In order to analyze the performance of the whole pipeline (including the single/multi-domain classifier), KluDo was executed on the five widely used benchmarks plus the ASTRAL40 dataset. According to Table 2, unlike the previous analysis, here spectral clustering has performed better in most cases compared to kernel k-means. Also, in all cases employing the LED kernel has led to a better or equal performance compared to the other three kernels with either of the two clustering algorithms (see Additional files 4–6).
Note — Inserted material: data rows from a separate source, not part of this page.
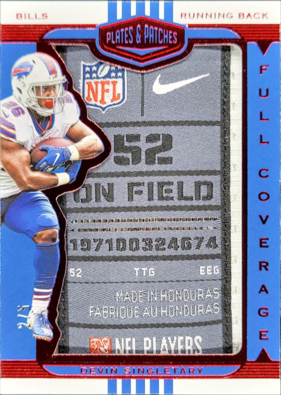The Devin Singletary 2019 Plates & Patches #FC13 Full Coverage Relics - Red /5 Rookie card is 1 of 31 Devin Singletary's card variations in the 2019 Plates & Patches set being tracked by Sports Card Investor, including Base /99, Blue /60, Purple /35, Green /25, and Red /10.
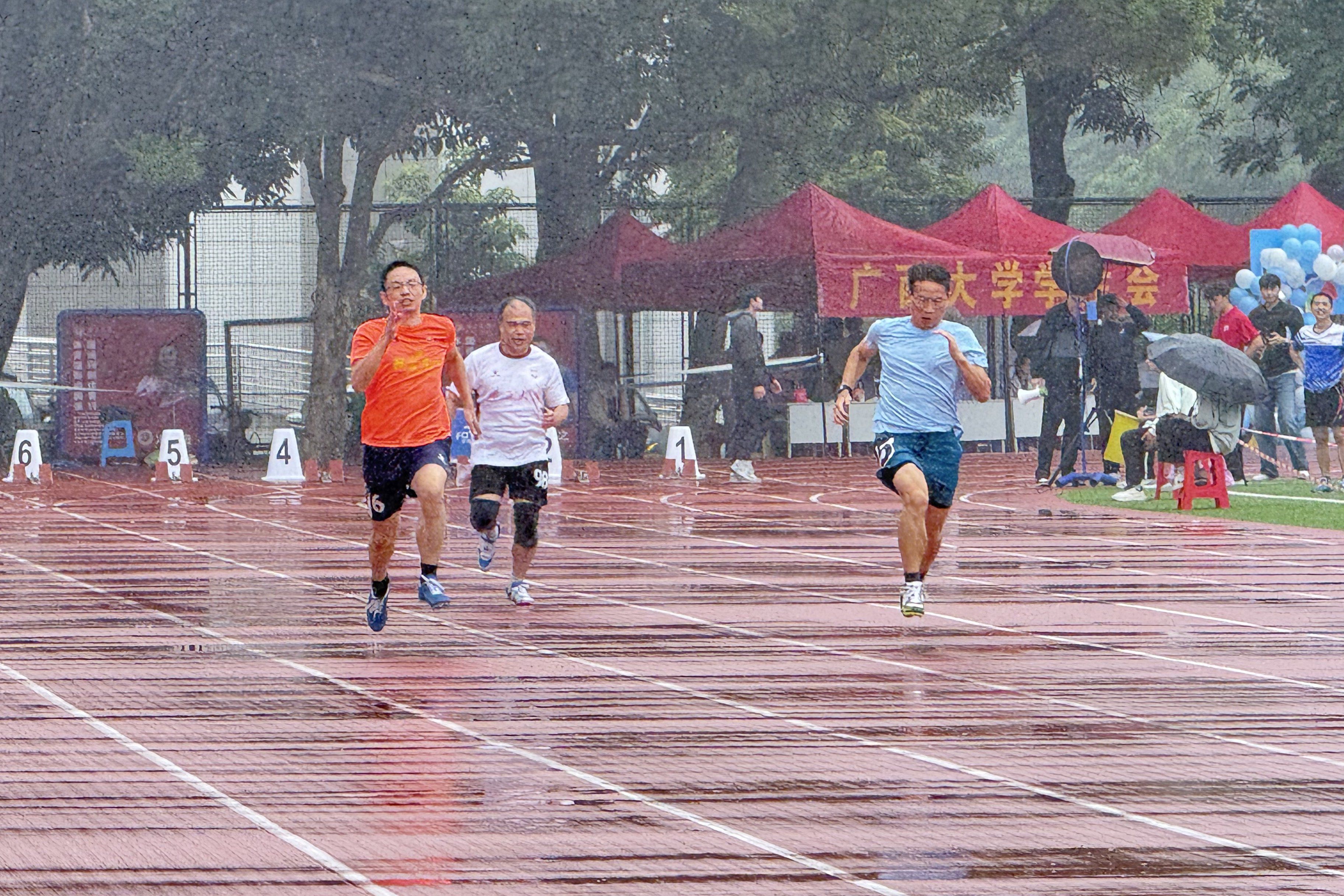 尽管细雨纷飞、气温骤降,老师们仍以饱满的热情点燃了田径场的激情。短跑赛道上,他们如离弦之箭冲破雨幕;长跑征程中,他们以坚韧的步伐诠释坚持的力量;铅球、跳远等项目中,他们一次次挑战自我极限,用力量与技巧书写精彩瞬间。尤其在4×100米接力赛中,四棒选手默契配合、无缝衔接,以风驰电掣的速度引得全场欢呼,成为雨中一道振奋人心的风景线。
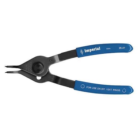 'Retaining Ring Plier, Convertible, Tip Type Fixed, Tip Dia. 0.047 In., Tip Angle 0 Degrees , For Shaft Dia. 5/16 In. to 1 In., For Bore Dia. 5/8 In. to 1-3/8 In., Overall Length 6 In., Spring Return No, Number of Pieces 1, Material Carbon Steel, Handle Color Blue, Handle Design Cushion Grip, Standards ASME B107.50-2010'
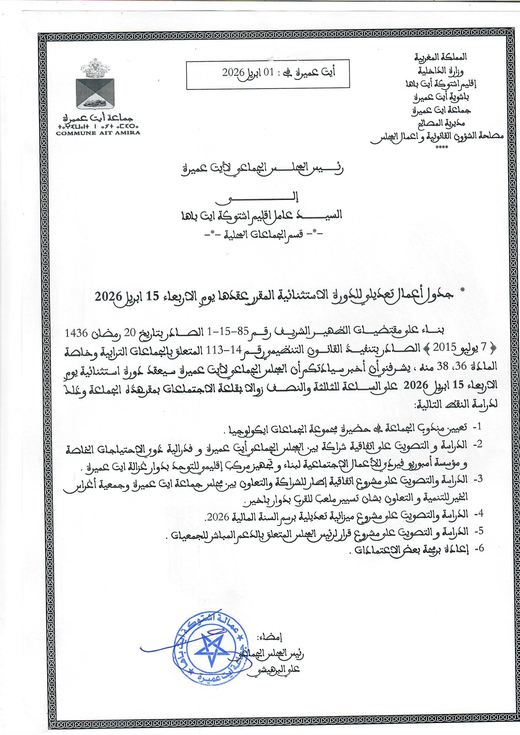 جدول أعمال تعديلي للدورة الإستثنائيةالمزمع عقدها بتاريخ 15 أبريل 2026.
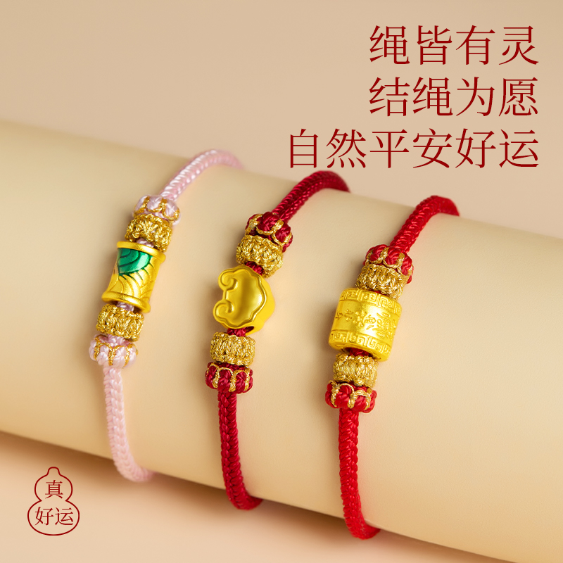 本命年红绳手链女男手工编织绳可穿黄金转运珠手绳编织diy半成品
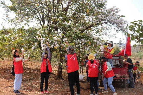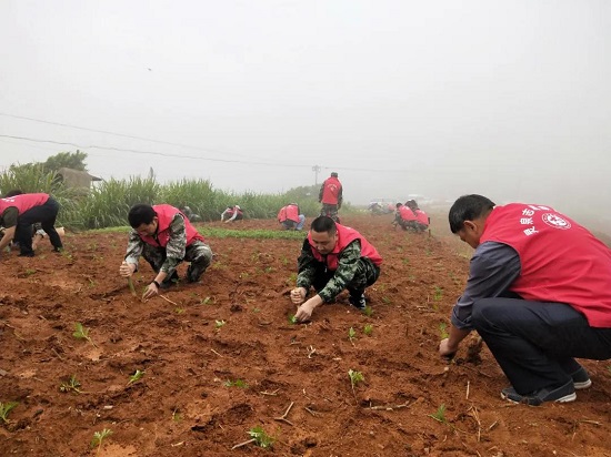 组织街道全体党员干部职工进村入户,帮助缺劳力、无劳力农户干农活、发展生产。先后到城干村委会上浑水塘村帮助无劳力贫困户采摘玉荷花30余公斤、到洒红口村帮助当地3户农户完成15亩菊花菊花栽种。解决了群众劳动力缺乏、导致的栽种采收不及时问题,为他们发展产业提供了帮助。
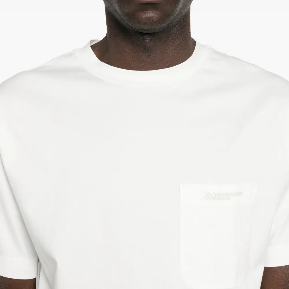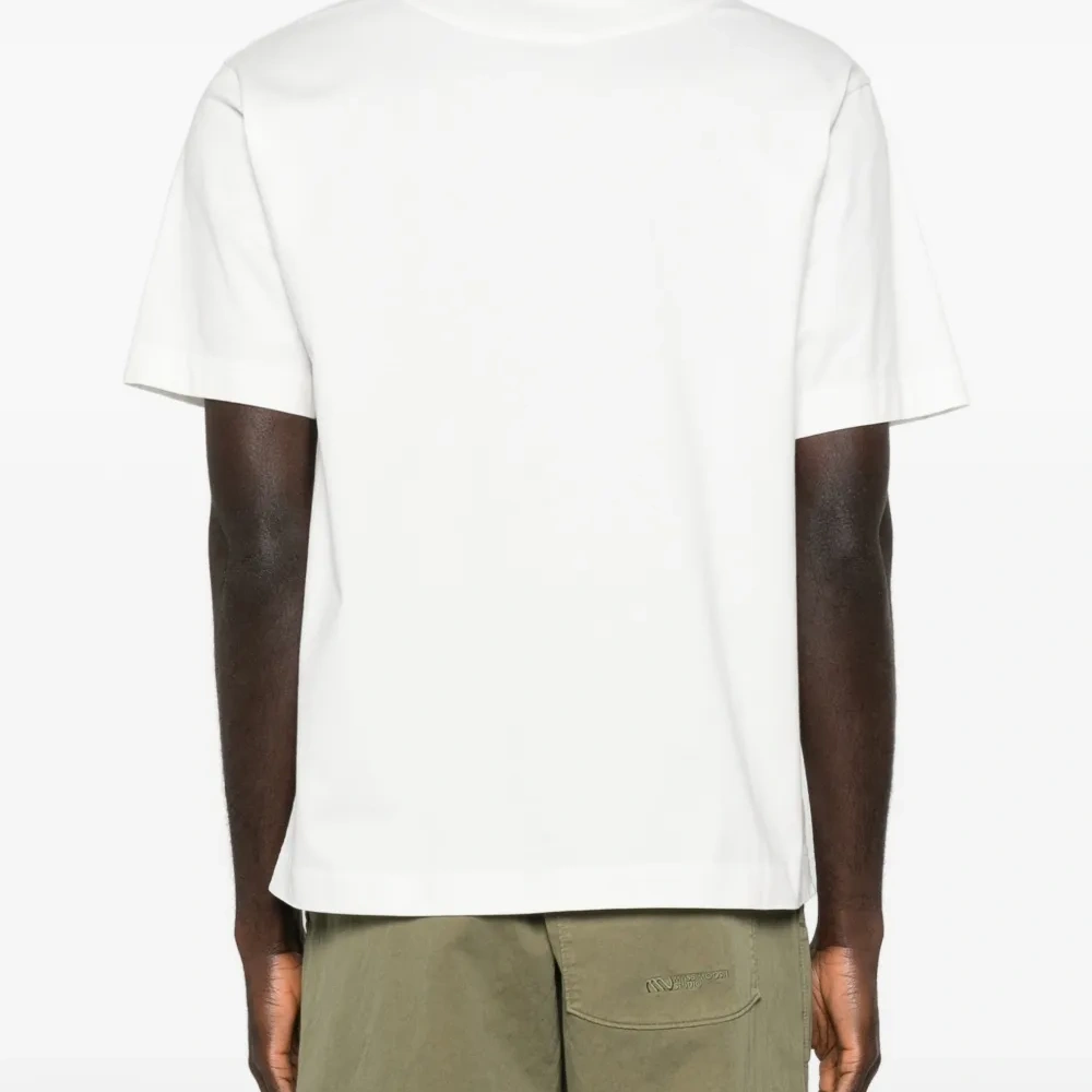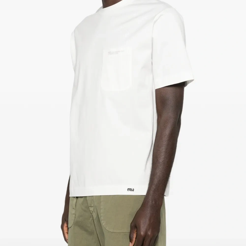 белая футболка с короткими рукавами, круглым вырезом и логотипом на нагрудном кармане
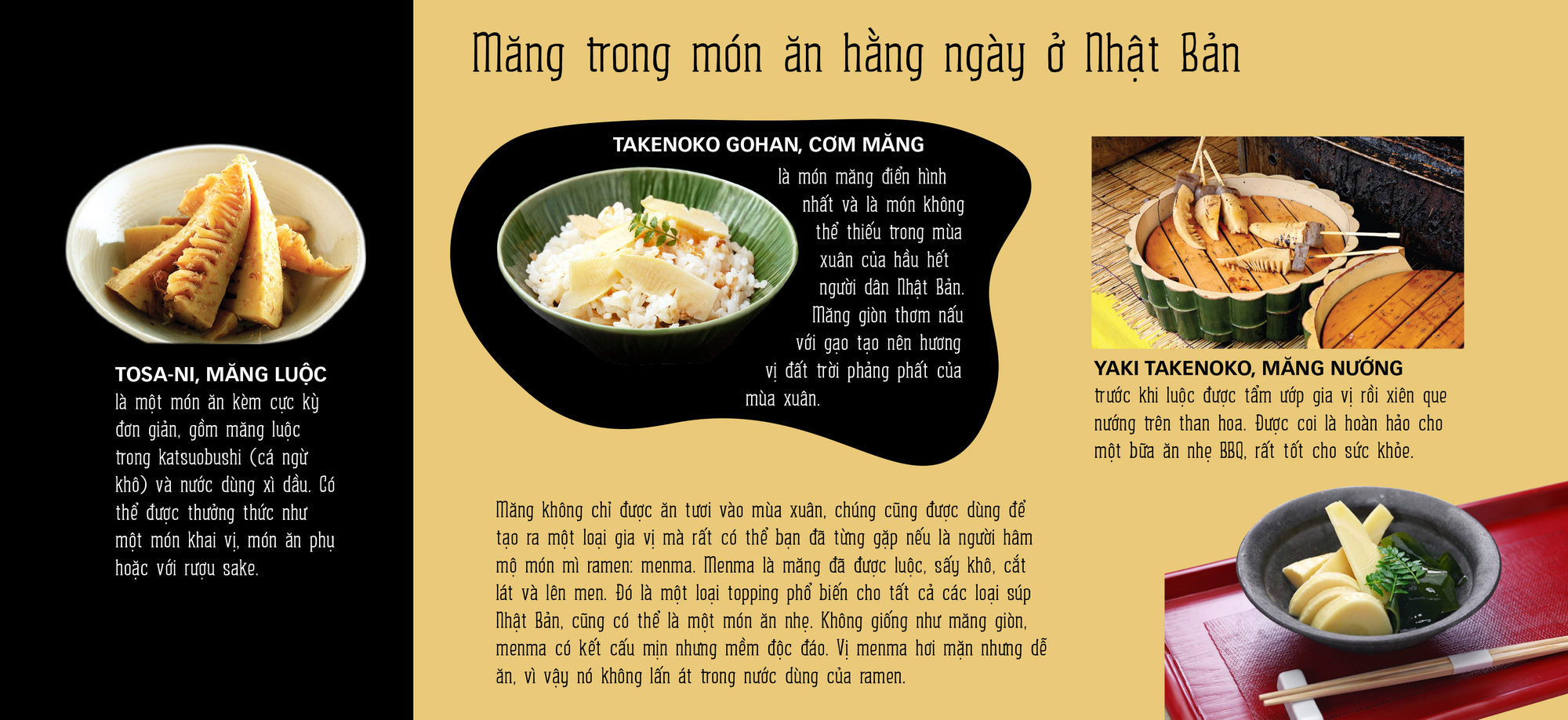 Takenoko trong tiếng Nhật là măng tre, là một trong nhiều loại thực phẩm theo mùa, một đặc trưng ở xứ Phù Tang. Lịch truyền thống của Nhật Bản, đánh dấu sự trôi qua của các mùa và những thay đổi trong thế giới tự nhiên thông qua các tên, lấy theo Trung Quốc, được đặt cho các thời điểm khác nhau trong năm.

Finally, we inspected the performances over four extracted subsets of ASTRAL40 based on the number of domains. The result of the benchmarking using the spectral clustering algorithm and the OL score (with the threshold of 85%) on each subset (based on the SCOP assignments) is summarized in Fig. 8. Incorrect assignments are sorted into overcuts (assigning a higher number of domains than both of the SCOP and CATH assignments), undercuts (fewer domains than both of the SCOP and CATH assignments), boundary inconstancies (less than 85% domain overlapping with either of the SCOP or CATH assignments) and other cases. All kernels show fairly similar precision on single- and two-domain chains. The majority of erroneous delineations in multi-domain chains consist of undercuts and overcuts which in most cases are related to the performance of the single/multi-domain classifier. Also, boundary inconsistencies which are related to the clustering procedure have a low contribution in the false decompositions of the 3- and 4-domain chains (see Additional file 7).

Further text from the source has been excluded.